1 Introduction

The economic attractiveness of low-quality coals and flotoconcentrates is a challenge, with the problem of managing municipal waste from the wide range of human activities also currently posing a clear challenge (Jingchao et al. 2019; Gregson and Crang 2015). The production of alternative fuels is dictated by environmental considerations, but also by economics (Yang et al. 2021; Sarquah et al. 2022). One should bear in mind the reduction of carbon dioxide emissions, the use of the energy potential of waste and increasing its recovery in circulation, and the reduction of energy production costs (lower cost of obtaining alternative fuel in relation to the cost of conventional fuels). Considering the above components as an abundant fuel stream, they can be considered as attractive energy raw materials. Therefore, environmentally-friendly and economically-viable options for their use should be developed.

In this paper, selected coals, flotoconcentrates and Refuse Derived Fuel (RDF) alternative fuels were examined for their steam gasification. The commercialization of coal gasification plants is one of the methods for the proper utilization and processing of low-quality fuels.

Gasification technology is currently being developed into three main technologies ConocoPhillips (E-Gas), SES technologies and Shell technologies. The basic element of a gasification plant is the reactor in which thermochemical transformations take place, with a distinction being made between fixed bed, fluidized bed and flow bed reactors (Mahinpey and Gomez 2016). Gasification plants are used in biomass processing (Howaniec and Smolinski 2017), polyethylene processing (Jeong et al. 2020) or municipal waste (Singh et al. 2020).

This technology enables proper utilization of the energy potential of fuels. The requirements of commercial coal gasification technology solutions are mainly the appropriate determination of the parameters of the feedstock fuel, as well as the determination of the parameters of the fuel processing (gasification), which must be determined in order to direct the processing of the feedstock to obtain the desired output product.

In the research presented in this paper, analyses of low-quality coals including flotation concentrates were performed, taking into account their purpose in steam co-gasification installations with RDF energy waste. Models have been developed to study the similarities and differences between the examined fuels, as well as the relationship between physical parameters and the catalytic abilities of the oxides contained in the fuel that can be managed in the steam gasification process.

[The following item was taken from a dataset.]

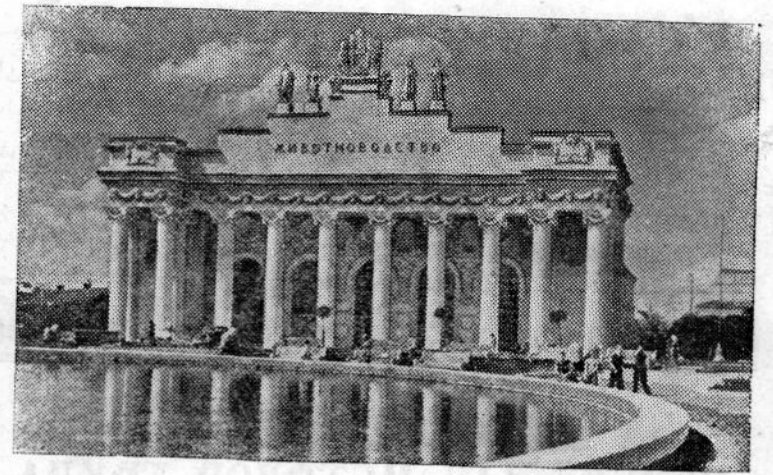
МОСКВА. Всесоюзная сельскохозяйственная выставка. Павильон «Животноводство».

Low-quality coals were selected, blended with RDF alternative fuel at 5% (m/m). and subjected to experimental co-gasification. The study focused on the production of hydrogen-rich gas, which is a clean, environmentally-friendly energy carrier that can be used in power generation and transportation. The experiments produced gas with hydrogen concentrations ranging from 67% (vol.) to 68% (vol.). Analysis of the results was performed using chemometric tools with MATLAB and MS Excel software. The obtained results were traced using the hierarchical clustering method. The correlation of oxide composition in the production process of hydrogen obtained in syngas was considered. It was observed that the addition of alternative fuels contributed to the increase in hydrogen concentrations. The catalytic ability of the metal oxides contained in the fuel was observed. The catalytic properties are exhibited by the individual oxides in the coal fuel and the alternative fuel, with particular emphasis on K2O, Al2O3 and TiO2 supplied to the gasified fuel mixture along with RDF. The desired hydrogen production yields were obtained with 5% (m/m). RDF at a gasification temperature of 900 °C. An increase in temperature caused a decrease in carbon dioxide concentrations, while methane concentrations were low regardless of the temperature in the reactor, which may indicate the disappearance of the hydrogen gasification and methanation reaction due to the influence of K2O and Al2O3, TiO2 catalysts, through more efficient processing of tar and soot.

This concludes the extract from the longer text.